Why you should skip it: There’s actually very little of the aspects of Ross the podcast host that turn off many listeners. The most frustrating things are when we don’t get more on a certain subject. This was especially true of NXT — I’d much rather hear about the actual performances than Ross’ gratitude for the choice seats and crowd recognition — although he did come around in his wrap-up to heap praise on a handful of performers. The implication Ross did not go back to watch the tag team title match he’d missed before the podcast was irksome. And I don’t have tolerance for much MMA talk at all, so everything outside the Ronda Rousey chatter was just time I’d rather spend thinking about wrestling.

Final thoughts: I often chide Ross for not laying back and letting his guest take the shine, but the purpose of this episode was for each man to bring their distinct perspective to WrestleMania analysis, so the balance worked much more naturally than on a typical interview show.

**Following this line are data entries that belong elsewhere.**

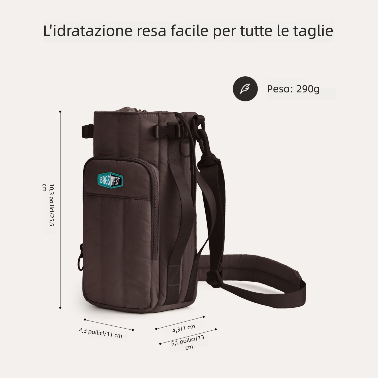 - Tracolla regolabile: 87–133 cm (34.25"–52.36")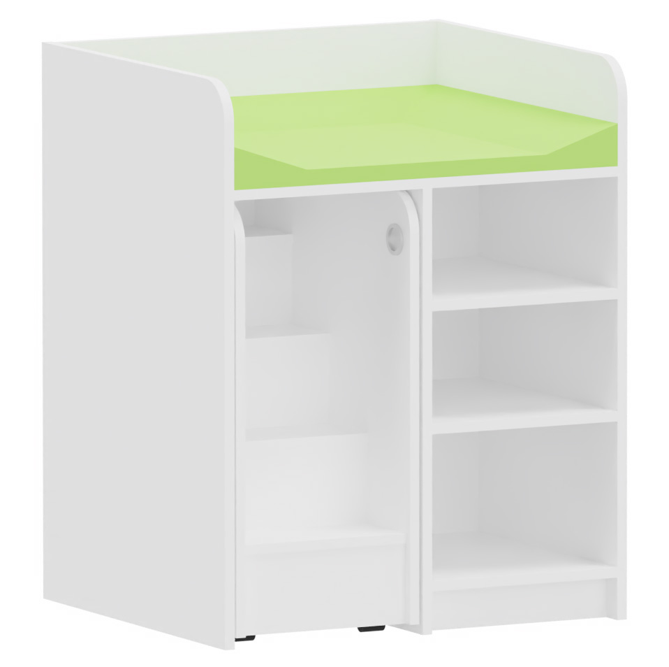 Die Kinder helfen aktiv mit, gleichzeitig wird der Rücken der pädagogischen Fachkraft entlastet. Die Treppe ist auf stabilen Rollen geführt und kann herausgezogen und arretiert werden. Daneben ist ein offenes Fach mit 2 verstellbaren Fachböden. Passende Wickelauflage 80 x 73 cm bitte separat bestellen.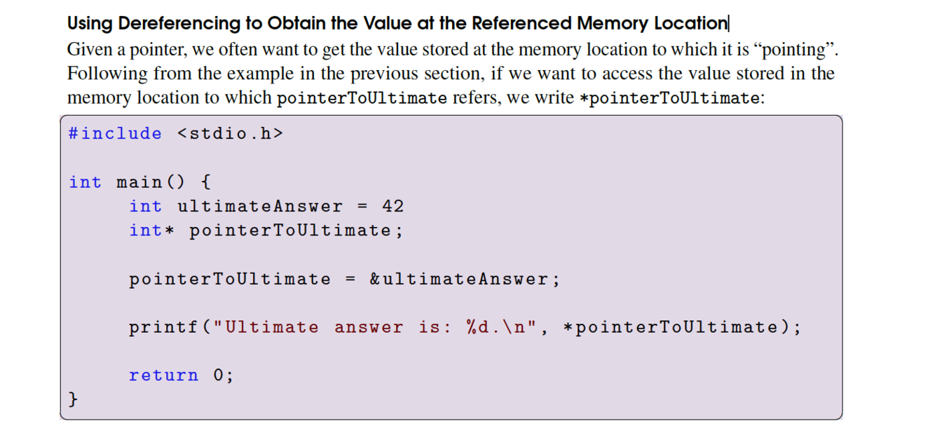 Using Dereferencing to Obtain the Value at the Referenced Memory Location

As with the Tuesday Austin show, this certainly isn’t a must-listen, and it’s less useful because there’s fewer times when either man really unpacks the creative or in-ring choices that combine into the overall WrestleMania feeling. Still, there’s something to be said for only listening to Ross on the Wednesday after a WWE pay-per-view, and if that’s your routine you won’t be upset by giving this episode your time.